Völlerei im Kopf

Gelesen beim Frisör und erzählt von Dr. Christian Dogs:

„Ständig online sein, auf sozialen Netzwerken surfen – das brennt unsere
Seele aus und schadet unserem Gehirn.
Heute können wir mit unserer wenigen Zeit gar nichts mehr anfangen.
Mal eine halbe Stunde bewusst nichts zu tun,
Leerlauf – halten viele nicht mehr aus, sofort der Griff zum Handy.
Wir können Stille kaum mehr ertragen.
Ich erkläre Ihnen auch, warum: Dadurch, dass das Hirn ständig überladen wird,
kann es nicht mehr runter schalten.

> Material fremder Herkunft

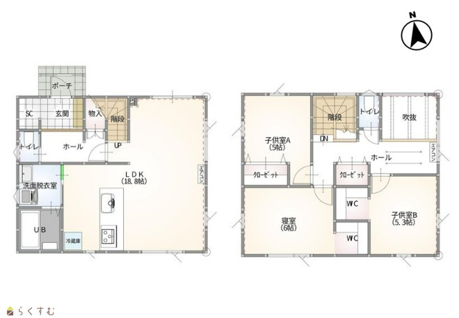 3LDK (洋室:6.0、5.3、5.0) LDK18.8 |
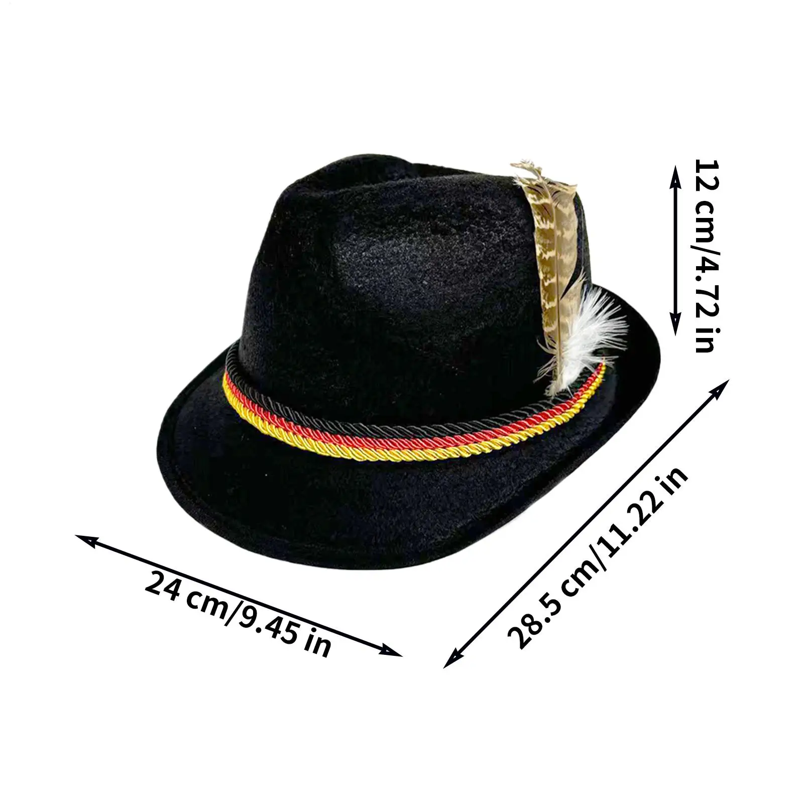 O chapéu alpino alemão é confeccionado com materiais não tecidos, oferecendo uma opção de touca confortável e elegante para adultos.Projetado para ser unissex, este acessório versátil se adapta a várias ocasiões, como festas, Halloween, Mardi Gras, eventos culturais, festivais de cerveja, celebrações de feriados, cosplay e temas de fantasias.
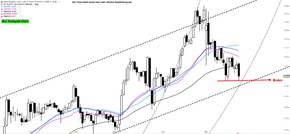 Sehe ich auch so.Vom Chart her gesehen könnten wir bis Ende Mai noch bis auf ca.0,50Cent steigen.
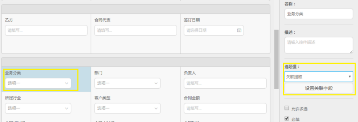 部门下拉选择控件的选项值类型定义为 关联提取,设置关联字段如下图:
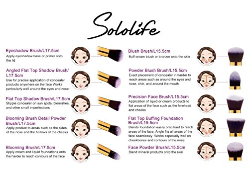 SOLOLIFE Makeup Brushes 10+1 Pieces Makeup Brush Set, 10 Pieces Professional Foundation Blending Blush Eye Face Liquid Powder Cream Cosmetics...
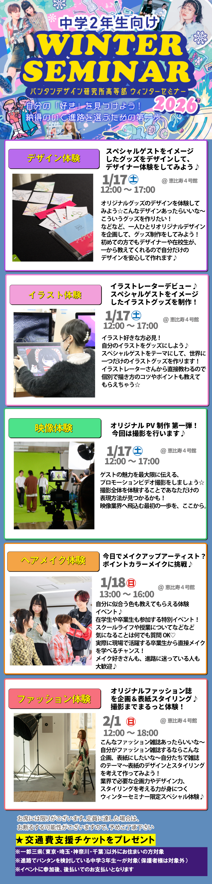 ■【デザイン・イラスト・映像体験】 2026年1月17日(土)12:00~17:00 ■【ヘアメイク体験】 2026年1月18日(日)13:00~16:00 ■【ファッショ体験】 2026年2月1日(日)12:00~18:00 ※講師都合で日程・時間が変更になる可能性がございます。 |
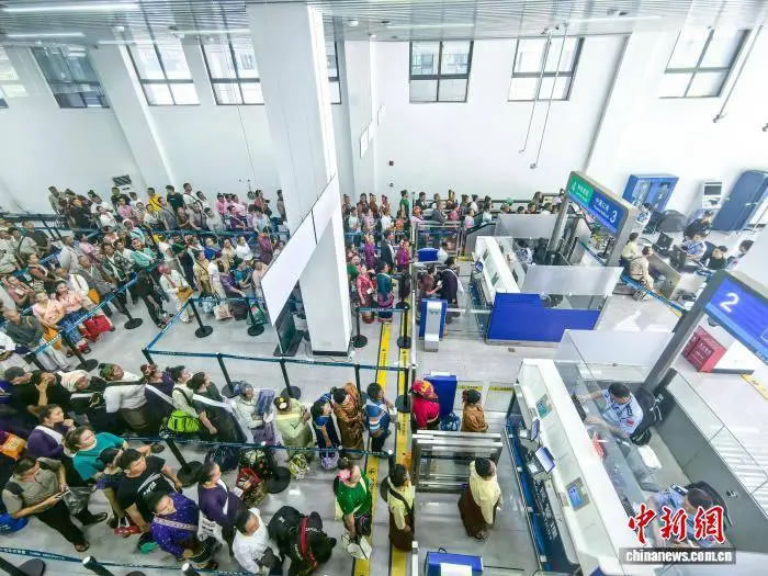 旅客在打洛口岸排隊(duì)候檢。打洛邊檢站 供圖
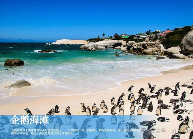 【企鵝海灘】走在木板搭建的長廊上,深入到企鵝們棲息的海灘,近距離地觀賞企鵝。成群的企鵝在海灘邊上的海水中沖浪、戲水、覓食或是在沙灘上享受陽光。

Das merken Sie abends:
Nach einem anstrengenden Tag, brauchen Sie unheimlich lange,
bis Sie runter kommen. Manche trinken sich mit Alkohol runter,
manche nehmen Tabletten.
Bei der Gier nach neuen Reizen, wenn das Gehirn ständig neu gefüttert werden will,
dann ist es die Kunst zu sagen:
Nein, du kriegst jetzt mal nichts, das ist sonst Völlerei.
In der Therapie mache ich mit den Patienten dazu Folgendes: drei Tage Langeweile.
Sie sollen nichts anderes tun, als aus dem Fenster zu gucken.
Kein Fernsehen, kein Radio, kein Handy.
In den ersten 24 Stunden drehen alle am Rad, weil das Hirn immer noch feuert.
Das Irre ist, nach zwei Tagen fängt das Hirn an, sich langsam zu entladen,
dann kommt die Ruhe. Und die Leute sagen: Ich will weitermachen.“

2 Gedanken zu „Völlerei im Kopf

  1. …so ich schalte meine PC jetzt AUS!
    Schon wieder auf irgendwelchen Seiten versackt!
    Was plötzlich alles wichtig wird wenn man so surft…sinnlos!
    AUS! =)

  2. Kann ich grad in der Fastenzeit bestätigen. Es ist echt wohltuend, dass Handy nicht permanent in der Hand zu haben, um zu gucken, obs was „neues“ gibt.